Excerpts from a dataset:
::::::::

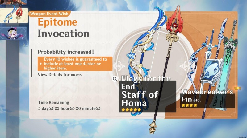 原神インパクト バージョン 2.2 アップデート、第 2 フェーズ、アップデートされた Epitome Invocation バナーには、Staff of Homa と Elegy of the End が再放送されます。どちらも人気の武器です。
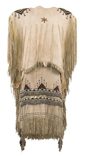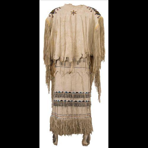 Apache Woman's Dress. 58" x 39". Indian tanned hide. Beautiful beadwork, fringe and hundreds of tin cones. 19th Century. (est $10,000-15,000)
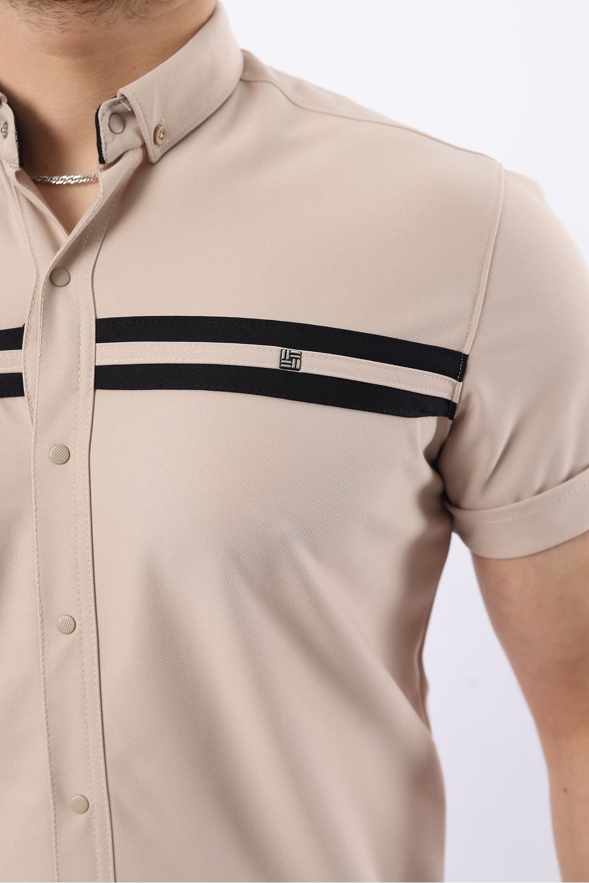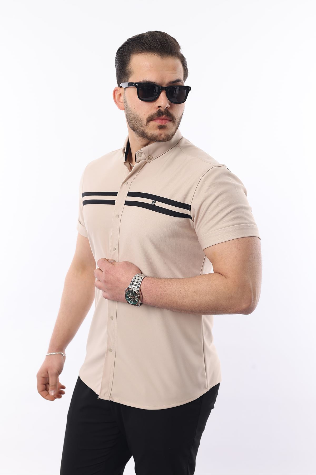 Erkek Kısa Kollu Slim Fit Yazlık Çift Çizgili Gömlek BEJ
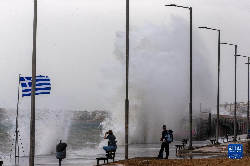 这是11月4日在希腊雅典海边拍摄的大浪。
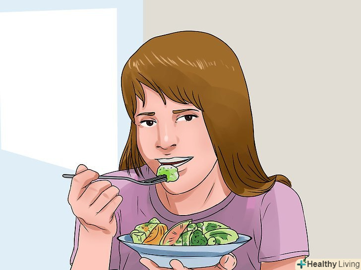 Їжте фрукти, овочі та цільнозернові продукти.такі продукти прискорюють травні процеси.[4]
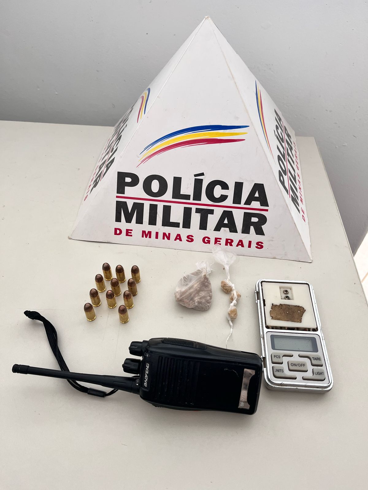 Com informações de que o indivíduo estaria traficando e, possivelmente, portando uma arma de fogo, a equipe obteve autorização do responsável para realizar uma busca residencial. Durante a busca, foram encontrado um rádio comunicador, onze munições calibre.380, três pedras pequenas de crack embaladas, uma pedra de crack com aproximadamente 20 gramas e uma balança digital.

::::::::

WHAT THE TASK ASKS -> What's needed is an exact copy of every entry, minus the pictures.

YOUR RESPONSE ->
 原神インパクト バージョン 2.2 アップデート、第 2 フェーズ、アップデートされた Epitome Invocation バナーには、Staff of Homa と Elegy of the End が再放送されます。どちらも人気の武器です。
 Apache Woman's Dress. 58" x 39". Indian tanned hide. Beautiful beadwork, fringe and hundreds of tin cones. 19th Century. (est $10,000-15,000)
 Erkek Kısa Kollu Slim Fit Yazlık Çift Çizgili Gömlek BEJ
 这是11月4日在希腊雅典海边拍摄的大浪。
 Їжте фрукти, овочі та цільнозернові продукти.такі продукти прискорюють травні процеси.[4]
 Com informações de que o indivíduo estaria traficando e, possivelmente, portando uma arma de fogo, a equipe obteve autorização do responsável para realizar uma busca residencial. Durante a busca, foram encontrado um rádio comunicador, onze munições calibre.380, três pedras pequenas de crack embaladas, uma pedra de crack com aproximadamente 20 gramas e uma balança digital.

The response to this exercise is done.